The club, hereinafter known as the Foot in Mouth Club, plans to meet every Monday evening at 17:00 whilst Parliament is sitting.
Newly appointed Life President of the Foot in Mouthers, Baroness Chakrabarti, says it will comfortably fill a Monday evening gap in her weekly social calendar.
Baroness Chakrabarti said, “I quite often feel at a loose end early on Monday evenings as do many of my friends in the Labour Party.”
Fellow Foot in Mouther, Richard Burgon, was understood to be disappointed to learn that the club will not be dining out at a Tesco supermarket café.
Baroness Chakrabarti vetoed the idea, after being revived with smelling salts, following an enervating PowerPoint presentation on supermarket cafés by Burgon.
Diane Abbott seconded Chakrabarti’s veto. Abbott feels her constituents would understand her being in favour of supermarket cafés in principle, but would appreciate her not using them in practice. In the same way, she says, as they understand her opposing private schools, whilst sending her children to them.

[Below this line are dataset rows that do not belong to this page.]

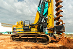 Com esse recurso, o operador pode posicionar a máquina mais distante do talude e avançar apenas a torre até a estaca alocada. Outra grande vantagem é a facilidade de executar o maior número de estacas sem a necessidade de movimentar a esteira do equipamento.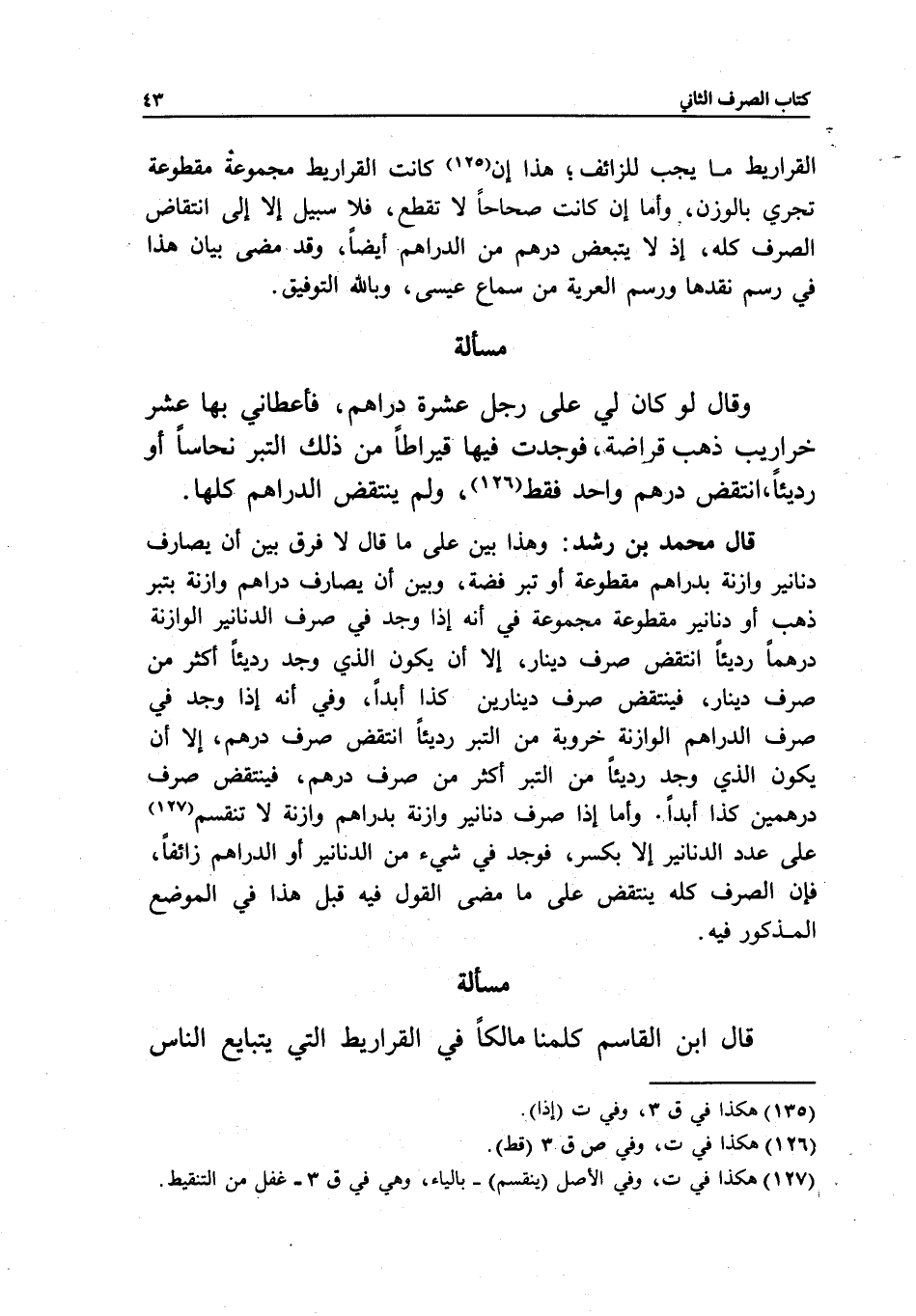 قال محمد بن رشد: وهذا بين على ما قال لا فرق بين أن يصارف دنانير وازنة بدراهم مقطوعة أو تبر فضة، وبين أن يصارف دراهم وازنة بتبر ذهب أو دنانير مقطوعة مجموعة في أنه إذا وجد في صرف الدنانير الوازنة درهما رديئا انتقض صرف دينار، إلا أن يكون الذي وجد رديئا أكثر من صرف دينار، فينتقض صرف دينارين كذا أبدا، وفي أنه إذا وجد في صرف الدراهم الوازنة خروبة من التبر رديئا انتقض صرف درهم، إلا أن يكون الذي وجد رديئا من التبر أكثر من صرف درهم، فينتقض صرف درهمين كذا أبدا. وأما إذا صرف دنانير وازنة بدراهم وازنة لا تنقسم على عدد الدنانير إلا بكسر، فوجد في شيء من الدنانير أو الدراهم زائفا، فإن الصرف كله ينتقض على ما مضى القول فيه قبل هذا في الموضع المذكور فيه.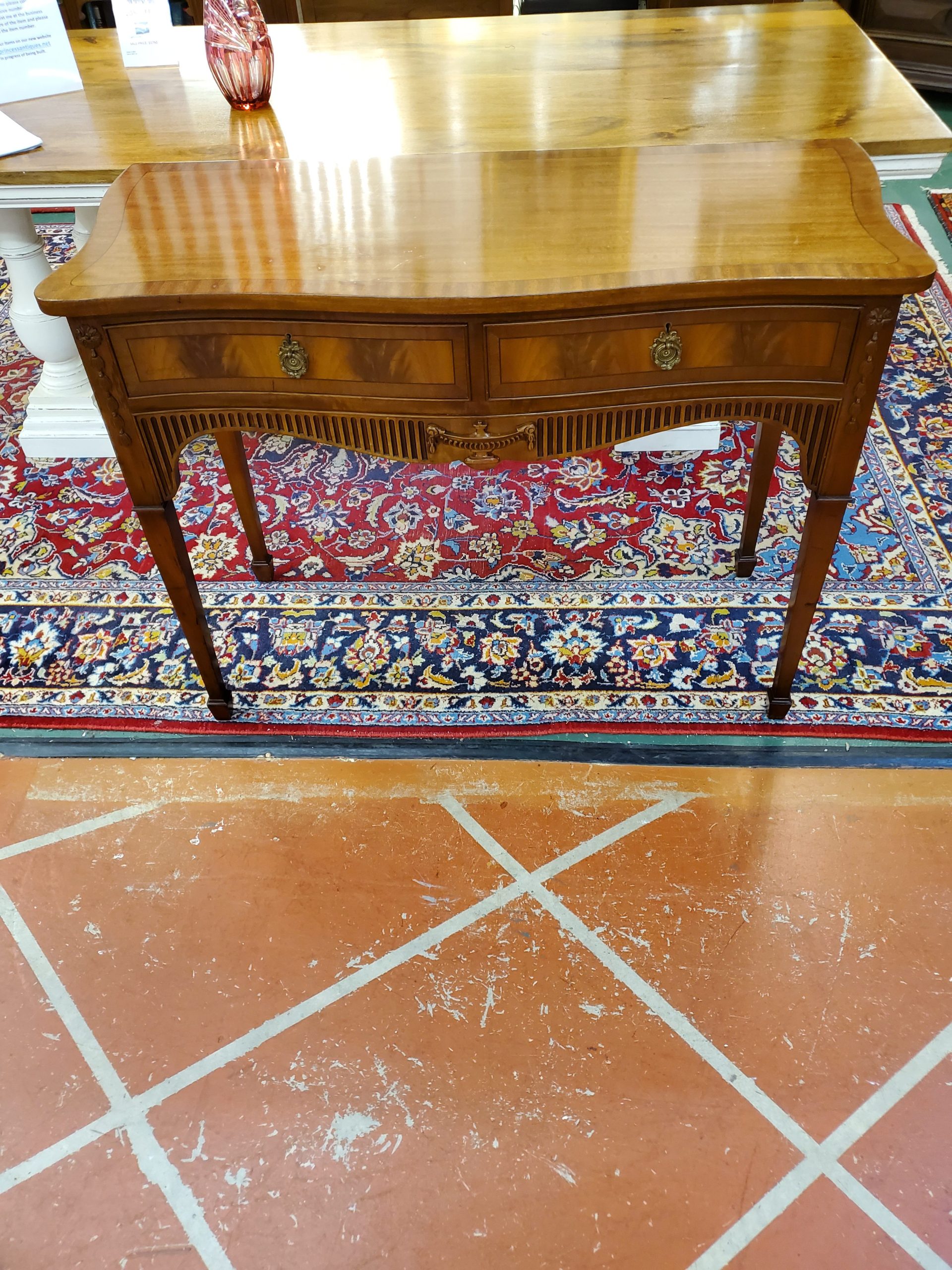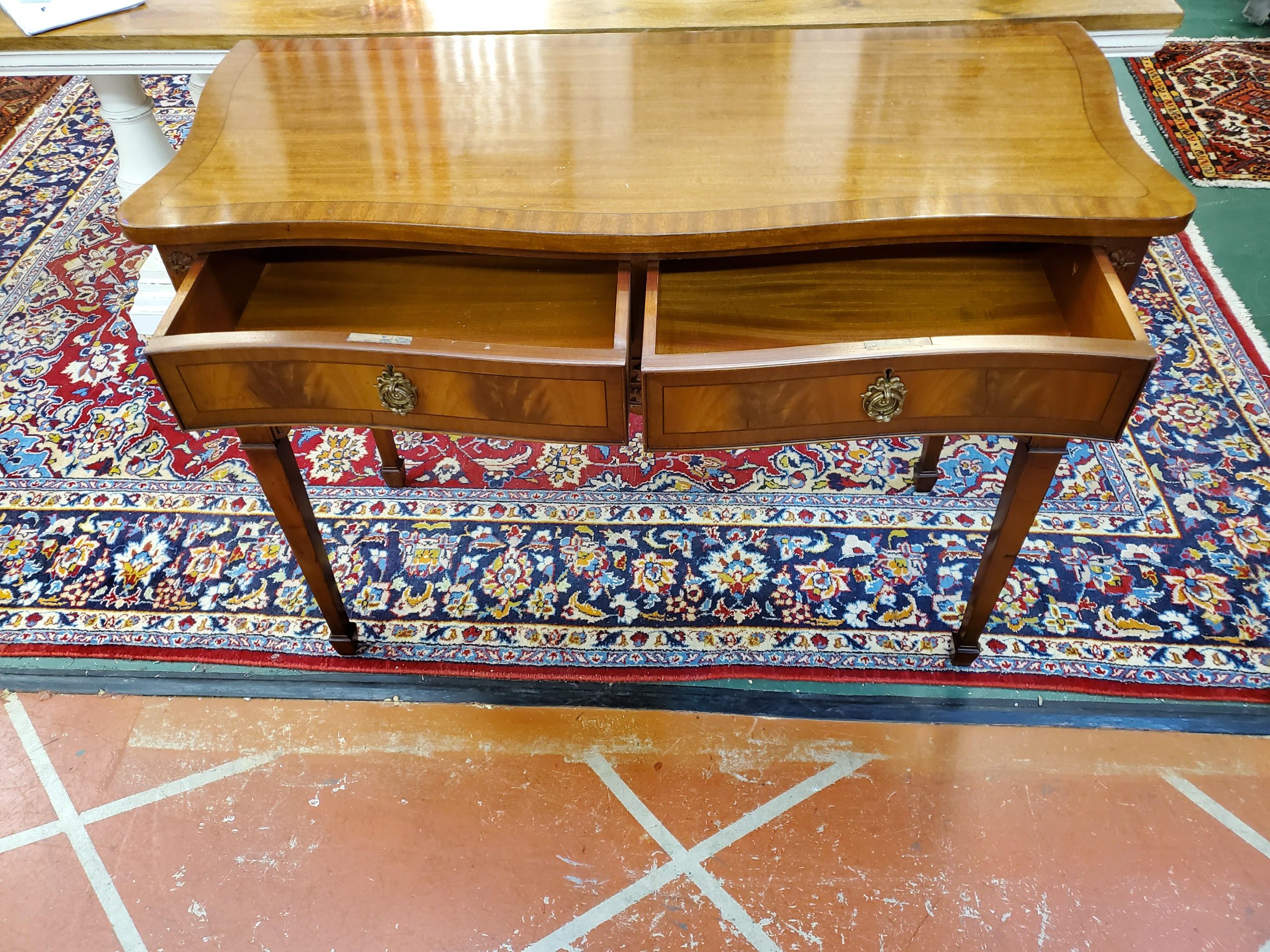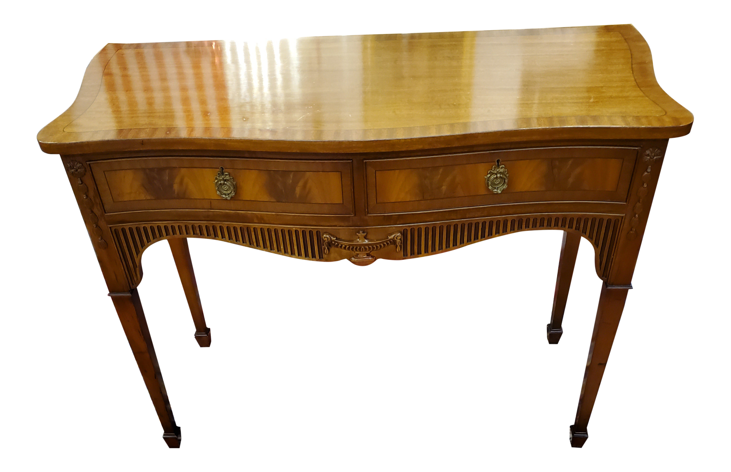 George III style serpentine fronted mahogany two drawer console table, circa 1900, in the Adam taste with cross banded top, urn on square tapering legs ending in block feet.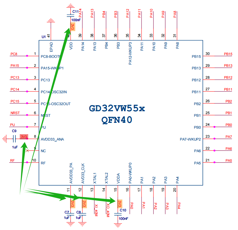 这个是为GD32VW553提供时钟的无源晶振电路,核心作用是给芯片输入稳定的40MHz时钟信号,负载电容没有焊接安装。
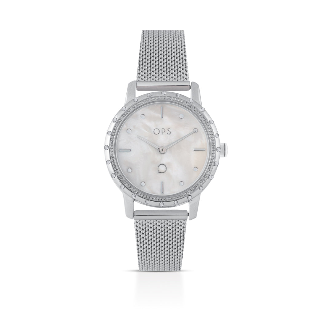 OROLOGIO IN ACCIAIO. CASSA 34 MM CON PIETRE. QUADRANTE MADREPERLA BIANCO.

“I am,” Abbott says, “not so much dining for myself as on behalf of the people of Hackney. And, as regular viewers of the Daily Politics know, the people of Hackney deserve nothing, but the best.”
Foot in Mouth patron, and inspiration for the dining club, Jeremy Corbyn says attending its dinners has now become the priority for him on Monday evenings.
Current members of the Foot in Mouth Club are understood to include Lady Nugee, otherwise known as Colonel Emily Thornberry; Kate Osamor; Dawn Butler; Richard (miffed at not being Life President) Burgon; any past or present member of Labour’s Communications Team, appointed by Seumas Milne; a select group of staffers, past or present, from Corbyn’s own office; Jon Trickett; Seb Corbyn; John McDonnell; Paul Mason …
Len McCluskey, Ken Livingstone and George Galloway have, for now, all declined invitations to join the club.
Clive Lewis is in two minds as to whether or not to join the Foot in Mouth Club.
According to a senior Labour source, Angela Rayner prefers to be a swot and will continue to attend the unfashionable, Monday evening Parliamentary Labour Party meetings. These meetings, the source understands, are held every Monday evening when Parliament is sitting.
Any way, the source said, Rayner would probably be at a disadvantage dining with the club, given her working class background. I gather, the source continued, Angela is more at home in works canteens or, if I get the vernacular right, down the chippie with her mates. You know, people like Jess Phillips.
I have, though, been told, the source remarked, some fish and chip shops have exotic items, like guacamole, on the menu, but then again, that may just be an urban myth.
As we went to press, Richard Burgon was insisting that serious consideration is being given to his suggestion that the Foot in Mouth Club’s logo should be a Scotch Egg.